Tessmer has devoted herself to several projects throughout grad school, but all share a common thread: an emphasis on fiber development and textile programming. As a master’s student in the Self Assembly Lab, she utilized the inherent properties of materials and optimized their configurations for specific functions by integrating computation into the material itself. “At MIT, I learned a much broader definition of computation,” she says. “For example, in the Self Assembly Lab, we believe that material is a storage format of information and that you can program material to behave in certain ways.”
The first project Tessmer worked on was designing a fiber that could respond to temperature fluctuations. Another project focused on embedding many different properties within a single fabric, potentially for astronauts. “The human body is so varied in the number of properties that you need to match,” she says. In conjunction with collaborators across multiple MIT departments, she designed a spacesuit sleeve with embedded padding, stretchable areas, a compression gradient, and various sensors. Her third project has focused on embedding shapechange behavior into fabric structures to enhance human comfort or fit, as an alternative to manual tailoring. Finally, in a return to her architectural roots, she is also working on designing a reinforced concrete beam using textiles, a more sustainable solution to building with concrete, which has a significant carbon footprint.
Another crucial aspect of Tessmer’s research is her focus on the feasibility of large-scale manufacturing for a product. She regularly relies on industrial-scale machinery and consults with manufacturing partners. She says, “The way research is being conducted in the lab is a close parallel to how it would be made in real life. The potential for a direct bridge between one and the other is a high priority for me and a constraint that I have tried to layer on to all of my projects.”
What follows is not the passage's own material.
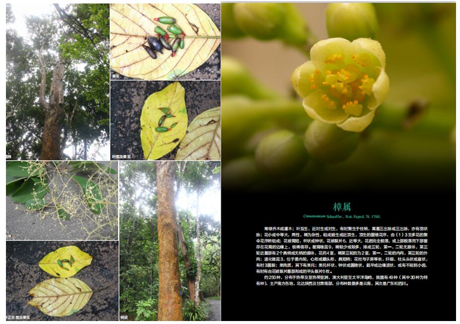 樟科是木本植物的一个大科,是集材用、药用、香料、生态环境和生态文化建设于一身的多用途植物资源,在国民经济建设社会发展中发挥重要作用。该科起源古老、分布广泛、种类众多。同时,樟科也是被子植物分类最为困难的科之一。最早的樟科化石记录可追溯到白垩纪中期, 经过漫长的演化,现在生活在地球上的樟科植物约有45属,2000~2500种。我国有樟科植物25属,445种,大多数分布集中在长江以南各省区,主要分布在云南、四川、广西、广东及台湾等省区,少数落叶种类(如山胡椒属和木姜子属)分布较北,大体来说以秦岭淮河为其北界。

Dabbling in entrepreneurship
Tessmer says with a laugh, “My entire hobby [textiles] has now been absorbed into my research. So I am in the market for a new hobby.” For now, that hobby has taken the form of entrepreneurship. She has been exploring the commercialization potential of her technologies, having filed multiple patents and completed the Blueprint program with The Engine Accelerator. She hopes that one day her method for embedding properties in textiles, while also reducing manufacturing process steps, will be used for commercial fabrics.
As an example, she points to shoe manufacturing. “Your shoes are normally an assembly of lots of different materials and lots of different layers. Instead, my proposal to The Engine focused on embedding all of these properties in an automated way, eliminating the need for an extensive assembly process.” Tessmer envisions entrepreneurship as one of her potential future paths.
For the time being, however, she plans to remain in academia. “From the outside, being a professor seems like an unattainable position. However, I keep being surprised at my ability to get to the next level of the academic hierarchy.” She aims to integrate all her past experiences into a future research career, designing textiles within an architectural context, while also weaving in the constraints of manufacturing scalability.